6. output/: Results and colored graphs are saved here.

<hr></hr>

Running the Fusion Model or Record Linkage Test
Use the main script to run the fusion process or record linkage test:

```python
python Fusion/main.py --config path/to/config.json --output path/to/output_folder
```

* --config: Path to your configuration file (see Configuration File Example).
* --output: Directory where results and colored graphs will be saved.
Evaluating Results
After running the model, results are saved as a pickle file in your output directory. 


## Evaluation
To evaluate the partition, use the get_truth_values function from evaluate.py:

```python
from evaluate import get_truth_values

TP, FP, TN, FN = get_truth_values(graph, true_graph, partition, true_entities)
```

Explanation of Metrics:
1. True Positives (TP): Vertices correctly grouped.
2. False Positives (FP): Vertices incorrectly grouped (should not be in the partition).
3. True Negatives (TN): Vertices correctly not grouped.
4. False Negatives (FN): Vertices that should have been grouped but were not.

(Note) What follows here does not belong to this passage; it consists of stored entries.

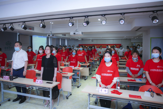 活动伊始,在董事长彭英、总裁潘建明的带领下,金职伟业全体员工及此次班级的全体学员以激昂的声音、饱满的热情,唱响《没有共产党就没有新中国》,彰显了金职人浓厚的爱党爱国情怀,以实际行动迎接中国共产党九十九周年盛世华诞,致敬伟大的中国共产党。
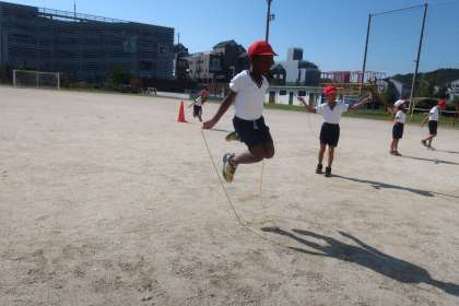 ジャンプと縄を回すタイミングを合わせながら、楽しんで跳んでいました。
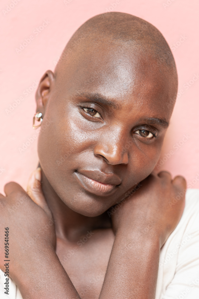 bald, beautiful young african woman with shaved head

Calculating Performance Metrics:
Using the above values, you can calculate:


* Precision: TP / (TP + FP) - Measures the accuracy of positive predictions.
* Recall: TP / (TP + FN) - Measures the ability to find all positive instances.
* F1-Score: 2 * (Precision * Recall) / (Precision + Recall) - Harmonic mean of precision and recall.

Example:
```python
precision = TP / (TP + FP) if (TP + FP) > 0 else 0
recall = TP / (TP + FN) if (TP + FN) > 0 else 0
f1_score = 2 * (precision * recall) / (precision + recall) if (precision + recall) > 0 else 0

print(f"Precision: {precision}")
print(f"Recall: {recall}")
print(f"F1-Score: {f1_score}")
```

#### Saving Results:
The results, including metrics, are saved as a JSON file in the output directory. For example:

```python
import json

results = {
    'TP': TP,
    'FP': FP,
    'TN': TN,
    'FN': FN,
    'precision': precision,
    'recall': recall,
    'F1_score': f1_score,
}

with open('output/results.json', 'w') as f:
    json.dump(results, f, indent=4)
```

This ensures you can review and analyze the evaluation metrics later.

<hr></hr>

## Plotting Graphs
To visualize the partitioned graph, use the draw method from utils.py. Below are examples of how to use it:

Example 1: Plotting a Colored Graph

```python
import utils
import networkx as nx

# Load the true graph and partition
true_graph = utils.load_dataset("data/graph.gpickle")
partition = {"node1": 0, "node2": 1, "node3": 0}  # Example partition

# Color the graph by partition
colored_graph = utils.color_by_partition(true_graph, partition)

# Plot the graph
utils.draw(colored_graph)
```

This will display the graph with nodes colored according to their partition.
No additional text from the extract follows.